- [Work item]:
Starting at the top of the listing, extract every line up to and including the one with "In a gorgeous". Pictures stay out of the copy.

- [Given data]:
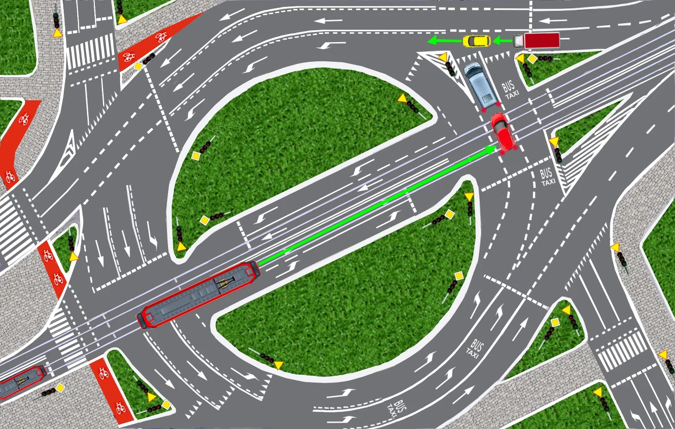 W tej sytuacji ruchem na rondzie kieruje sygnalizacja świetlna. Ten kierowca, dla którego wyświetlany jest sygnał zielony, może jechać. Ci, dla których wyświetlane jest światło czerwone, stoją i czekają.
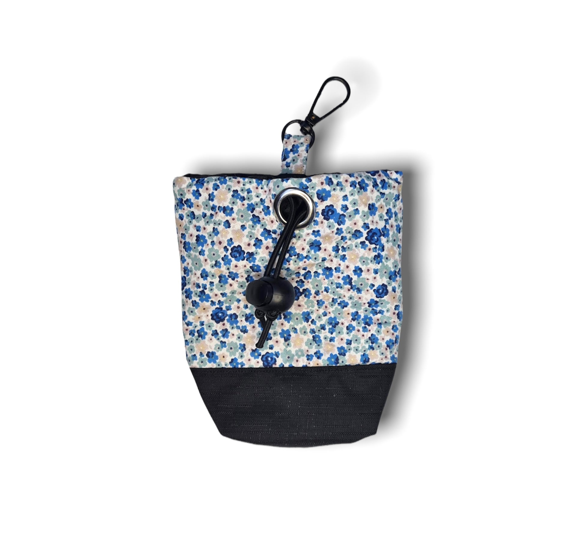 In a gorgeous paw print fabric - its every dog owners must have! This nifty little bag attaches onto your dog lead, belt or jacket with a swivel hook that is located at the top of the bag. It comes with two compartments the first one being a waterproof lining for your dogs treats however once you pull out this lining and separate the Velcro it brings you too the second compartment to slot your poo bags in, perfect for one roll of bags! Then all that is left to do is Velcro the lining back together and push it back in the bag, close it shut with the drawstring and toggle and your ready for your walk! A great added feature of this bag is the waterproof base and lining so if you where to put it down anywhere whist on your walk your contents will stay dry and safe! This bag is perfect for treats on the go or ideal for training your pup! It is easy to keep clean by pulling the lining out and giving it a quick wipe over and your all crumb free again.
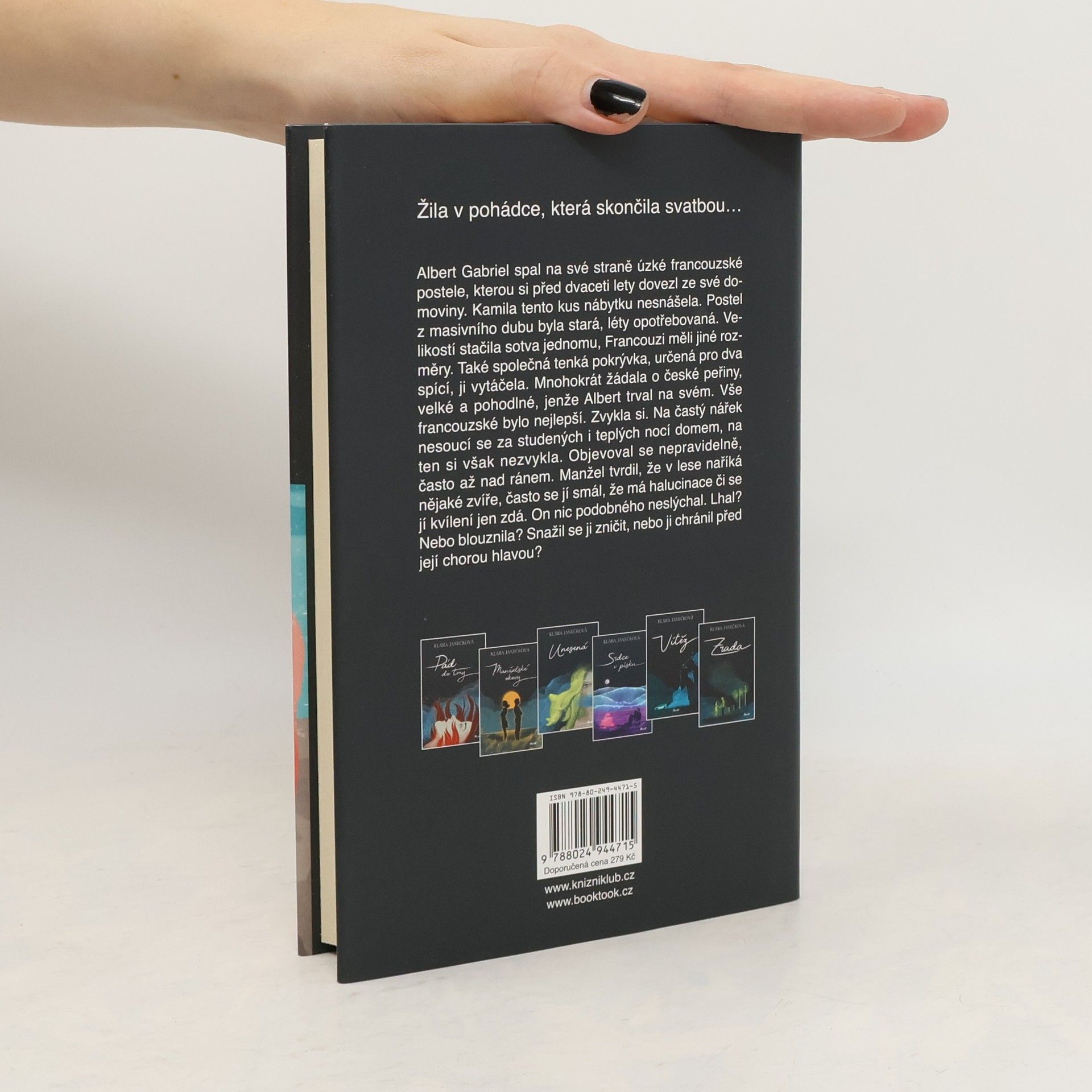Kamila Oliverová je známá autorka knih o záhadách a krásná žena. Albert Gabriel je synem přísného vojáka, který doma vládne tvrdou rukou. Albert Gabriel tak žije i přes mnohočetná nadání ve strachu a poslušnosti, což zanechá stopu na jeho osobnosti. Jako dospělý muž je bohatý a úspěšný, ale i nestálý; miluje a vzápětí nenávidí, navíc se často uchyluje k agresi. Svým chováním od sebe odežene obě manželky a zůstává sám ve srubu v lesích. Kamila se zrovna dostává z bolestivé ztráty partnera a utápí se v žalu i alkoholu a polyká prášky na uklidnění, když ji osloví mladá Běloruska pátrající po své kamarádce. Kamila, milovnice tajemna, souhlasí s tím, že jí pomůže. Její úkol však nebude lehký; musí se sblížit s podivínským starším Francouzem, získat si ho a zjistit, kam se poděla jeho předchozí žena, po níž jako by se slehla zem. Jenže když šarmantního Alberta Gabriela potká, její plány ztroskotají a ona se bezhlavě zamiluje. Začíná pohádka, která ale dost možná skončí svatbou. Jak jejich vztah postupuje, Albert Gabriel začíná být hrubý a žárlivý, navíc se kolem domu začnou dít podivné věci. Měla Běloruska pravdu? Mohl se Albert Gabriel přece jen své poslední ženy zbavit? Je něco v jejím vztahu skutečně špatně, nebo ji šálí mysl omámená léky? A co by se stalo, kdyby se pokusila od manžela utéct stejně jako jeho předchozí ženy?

- [Result]:
 W tej sytuacji ruchem na rondzie kieruje sygnalizacja świetlna. Ten kierowca, dla którego wyświetlany jest sygnał zielony, może jechać. Ci, dla których wyświetlane jest światło czerwone, stoją i czekają.
 In a gorgeous paw print fabric - its every dog owners must have! This nifty little bag attaches onto your dog lead, belt or jacket with a swivel hook that is located at the top of the bag. It comes with two compartments the first one being a waterproof lining for your dogs treats however once you pull out this lining and separate the Velcro it brings you too the second compartment to slot your poo bags in, perfect for one roll of bags! Then all that is left to do is Velcro the lining back together and push it back in the bag, close it shut with the drawstring and toggle and your ready for your walk! A great added feature of this bag is the waterproof base and lining so if you where to put it down anywhere whist on your walk your contents will stay dry and safe! This bag is perfect for treats on the go or ideal for training your pup! It is easy to keep clean by pulling the lining out and giving it a quick wipe over and your all crumb free again.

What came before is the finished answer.